Barlow Twins : Self-Supervised Learning via Redundancy Reduction
Contents
- Abstract
- Method
- Description of Barlow Twins
- Implementation Details
0. Abstract
Issue in SSL : existence of trivial constant solutions
Solution : propose a new objective function
Barlow Twins
- Proposed objective function :
- avoids collapse by measuring the cross-correlation matrix between the outputs of two identical networks fed with distorted versions of a sample
- does not require large batches
- does not require other etc …
- asymmetry between the network twins such as a predictor network, gradient stopping, or a moving average on the weight updates
1. Method
(1) Description of Barlow Twins
produces two distorted views ( via data augmentations \(\mathcal{T}\) )
- distorted views \(Y^A\) and \(Y^B\)
Feed two views to \(f_\theta\)
-
produces embeddings \(Z^A\) and \(Z^B\)
( mean centered along the batch dimension )

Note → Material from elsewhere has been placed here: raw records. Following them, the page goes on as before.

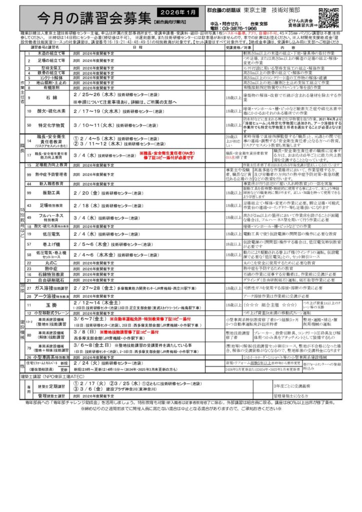 東京土建技術研修センターでは、作業主任者、技能講習、特別教育、受験準備講座などの各種講習会を開催しています。
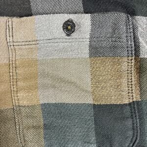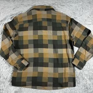 Kuhl Pixelatr flannel button down shirt, size medium. Green check plaid color, perfect for camping, outdoors, hiking, or casual wear. Mid-weight cotton blend flannel. Minor wear on one of the cuffs. Cotton polyester blend.
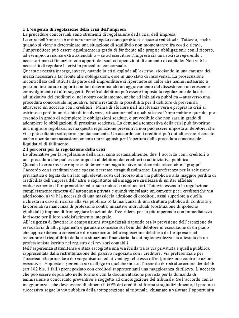 si rende necessaria anche una rinuncia a quote di capitale . Altre volte poi preveduta la conversione di quote di credito in capitale: Trattasi di misura adottata nelle crisi di maggiore gravit e tuttavia pi di frequente di quanto si possa pensare. 4) Liter della composizione stragiudiziale Liter i momenti essenziali possono cos riassumersi: a) individuazione delle cause della crisi ed evidenziazione della situazione reale, senza lasciarsi prendere dalla tentazione di mascherarla con inopportune operazioni di manipolazione di bilanci; b) scelta di un advisor, chiamato in primo luogo ad informare della crisi i soggetti i cui interessi sono coinvolti nella crisi e la cui credibilit possa costituire per essi una adeguata garanzia. In questa fase lattenzione deve essere volta ed e vitare comportamenti, da parte dei creditori, che pregiudichino la prosecuzione dellattivit dimpresa e in definitiva, lattuazione del piano, come liscrizione di ipoteche giudiziali, manovre della concorrenza dirette a sottrarre clientela o il personale pi qualificato. c) predisposizione del piano industriale e finanziario, che va elaborato con la supervisione delladvisor e che destinato a costituire la base della convenzione; d) predisposizione della bozza di convenzione, volta a regolare il rapporto con le banche ed eventualmente con gli altri creditori, che va inviata a cura delladvisor ed illustrata alle banche creditrici ed eventualmente con gli altri creditori, che va inviata a cura delladvisor ed illustrata alle banche creditrici ed eventualmente ali altri creditori ai quali viene richiesto un qualche sacrificio. La proposta va discussa e, se del caso modificata, al fine di assicurare adesioni in misura non inferiore al quorum. e) dopo la sottoscrizione della convenzione occorre procedere alla attuazione del piano in conformit al programma, ponendo in essere gli accorgimenti necessari ad evitare manovre di distrurbo da parte degli altri creditori. 5) Finalit della composizione stragiudiziale la composizione stragiudiziale delle crisi mira di regola al ripristino dellequilibrio finanziario ed al salvataggio dellimpresa non implica necessariamente il salvataggio dellimprenditore. Si gi ricordato che una delle modalit del piano pu essere quella della conversione di crediti in capitale. lentrata delle banche nel capitale non soltanto consente un controllo dellimpresa dallinterno, ma pu preludere alla estromissione del gruppo di comando: il vecchio gruppo di comando pu, secondo i casi, mantenere la propria posizione di controllo o essere estromesso, fin dal principio nel corso delloperazione. Non sempre la conservazione dellazienda o dei complessi aziendali possibile e la composizione stragiudiziale della crisi pu essere programmata in funzione liquidativa del patrimonio. CAPITOLO UNDICESIMO IL CONCORDATO PREVENTIVO 1) Dalla legislazione del 1942 alla riforma del 2005 Lo strumento giudiziale di regolazione della crisi attraverso accordi con i creditori destinati ad essere perfezionati sotto la protezione del tribunale il concordato preventivo. Prima della riforma attuata con il d.l. 14 marzo 2005, n. 35,convertito nella l. 14 maggio 2005, n. 80, il concordato preventivo era concepito come strumento di prevenzione del fallimento, del quale poteva beneficiare limprenditore onesto e sfortunato quando fosse in grado di assicurare ai creditori un soddisfacimento apprezzabile. Perci il concordato preventivo: 1) poteva essere proposta dellimprenditore insolvente 2) purch sussistessero determinati requisiti soggettivi, essenzialmente al fine di precludere ai
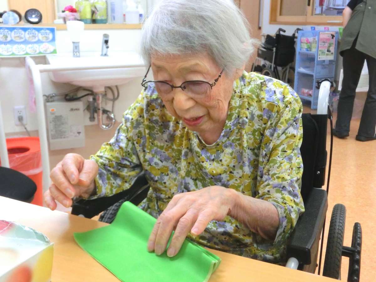 今回の壁紙シリーズは入居者様に『おはながみ』作成のお手伝いをして頂いております。

Innovative loss function \(\mathcal{L}_{\mathcal{B} \mathcal{T}}\) :
\(\mathcal{L}_{\mathcal{B} \mathcal{T}} \triangleq \underbrace{\sum_i\left(1-\mathcal{C}_{i i}\right)^2}_{\text {invariance term }}+\lambda \underbrace{\sum_i \sum_{j \neq i} \mathcal{C}_{i j}^2}_{\text {redundancy reduction term }}\).
- \(\mathcal{C}\) :cross-correlation matrix,
- between the outputs of the two identical networks along the batch dimension
- \(\mathcal{C}_{i j} \triangleq \frac{\sum_b z_{b, i}^A z_{b, j}^B}{\sqrt{\sum_b\left(z_{b, i}^A\right)^2} \sqrt{\sum_b\left(z_{b, j}^B\right)^2}}\).
- (loss term 1) invariance term
- encourage diagonal term to be 1
- (loss term 2) redundancy reduction term
- encourage the off-diagonal term to be close to zero